WHAT TO WORK ON: Print word for word whatever lies between the first line of the material and the line holding "Woher stammt eigentlich", both included, and omit all pictures.

DATASET EXTRACT:
'''

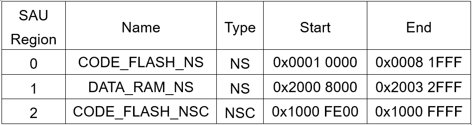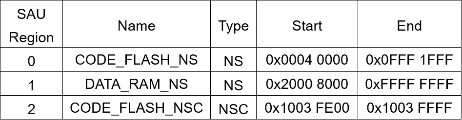 SAU 允許 8 個記憶體區域,並允許使用者覆蓋 IDAU 的固定 Map,以定義 Non-secure 區域。預設情況下,所有記憶體都設置為安全。至少應使用一個 ASU descriptor 確保 IDAU 有效。如果 IDAU 或 SAU 標記一個區域,則該區域是 Secure 的。NSC 區域可以定義在 IDAU 的 NS 區域中。
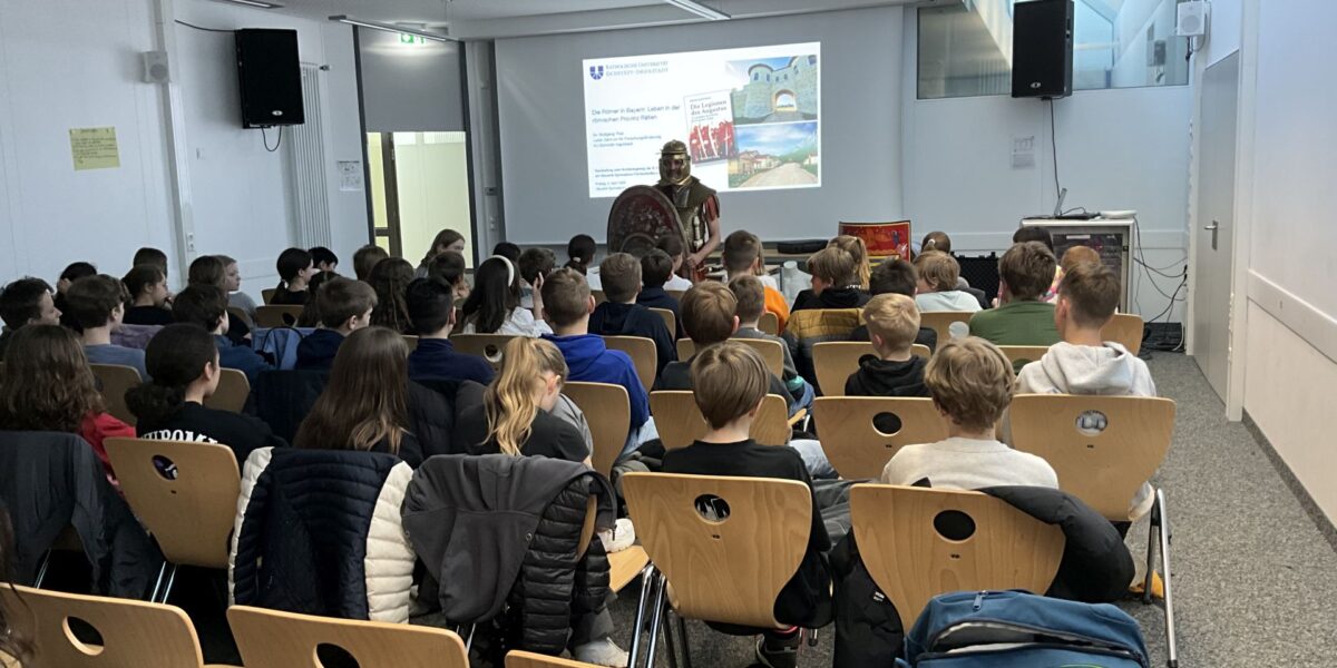 Woher stammt eigentlich der Name Augsburg? Weshalb kreisen Drohnen mit moderner Lasertechnologie über Schöngeising? Und weshalb lohnt sich ein Ausflug nach Oberammergau? Antworten auf diese und weitere spannende Fragen erhielt die 6. Jahrgangsstufe vom Archäologen Herrn Dr. Wolfgang Thiel, der dem Viscardi-Gymnasium am 4. April einen Besuch abstattete und in einem fesselnden Vortrag und einer reich bebilderten Präsentation die römische Herrschaft über
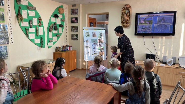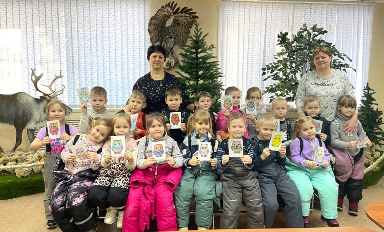 Специалисты по экологическому просвещению рассказали детворе множество интересных фактов о совах, научили ребят отличать сову от других зимующих птиц. Также в ходе урока дошкольники узнали сколько видов сов существует и чем они питаются. По мере беседы выяснили, что большинство птиц вылетают на охоту ночью, но, если ночью не наелись, то могут охотиться и днём.

'''

WORKED SOLUTION:
 SAU 允許 8 個記憶體區域,並允許使用者覆蓋 IDAU 的固定 Map,以定義 Non-secure 區域。預設情況下,所有記憶體都設置為安全。至少應使用一個 ASU descriptor 確保 IDAU 有效。如果 IDAU 或 SAU 標記一個區域,則該區域是 Secure 的。NSC 區域可以定義在 IDAU 的 NS 區域中。
 Woher stammt eigentlich der Name Augsburg? Weshalb kreisen Drohnen mit moderner Lasertechnologie über Schöngeising? Und weshalb lohnt sich ein Ausflug nach Oberammergau? Antworten auf diese und weitere spannende Fragen erhielt die 6. Jahrgangsstufe vom Archäologen Herrn Dr. Wolfgang Thiel, der dem Viscardi-Gymnasium am 4. April einen Besuch abstattete und in einem fesselnden Vortrag und einer reich bebilderten Präsentation die römische Herrschaft über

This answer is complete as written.